Molecular Scale Spatio-Chemical Control of the Activating-Inhibitory Signal Integration in NK Cells

AbstractThe role of the spatial juxtaposition between activating and inhibitory receptors in cytotoxic lymphocytes has been strongly debated in the context of the inhibition of immune signaling. The challenge in addressing this problem was so far a lack of experimental tools which can simultaneously manipulate different signaling molecules. Here, we circumvent this challenge by introducing a nanoengineered multifunctional cell niche, in which activating and inhibitory ligands are positioned with molecular-scale variability and control, and applied it to elucidate the role of the spatial juxtaposition between ligands for NKG2D and KIR2DL1 – activating and inhibitory receptors in Natural Killer (NK) cells – in KIR2DL1-mediated inhibition of NKG2D signaling.
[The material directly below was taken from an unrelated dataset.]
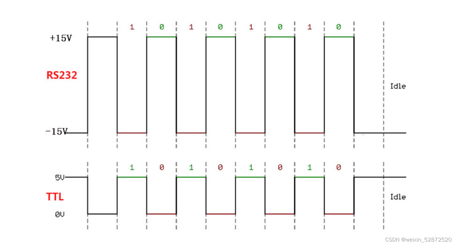 232电平:电脑串口的电平,负逻辑。(-3 - 15v)

We realized the niche by a nanopatterning of nanodots of different metals with molecular scale registry in one lithographic step, followed by a novel ternary functionalization of the fabricated bi-metallic pattern and its background to with three distinct biochemical moieties. We found, that within the probed range, the 40 nm gap between the activating and inhibitory ligands provided an optimal inhibition condition. Supported by theoretical modeling and simulations we interpret these findings as a consequence of the size and conformational flexibility of the ligands in their spatial interaction. Our findings provide an important insight onto the spatial mechanism of the inhibitory immune checkpoints, whose understanding is both fundamentally important, and essential for the rational design of future immunotherapies. Furthermore, our approach is highly versatile and paves the way to numerous complex molecular platforms aimed at revealing molecular mechanisms through which receptors integrate their signals.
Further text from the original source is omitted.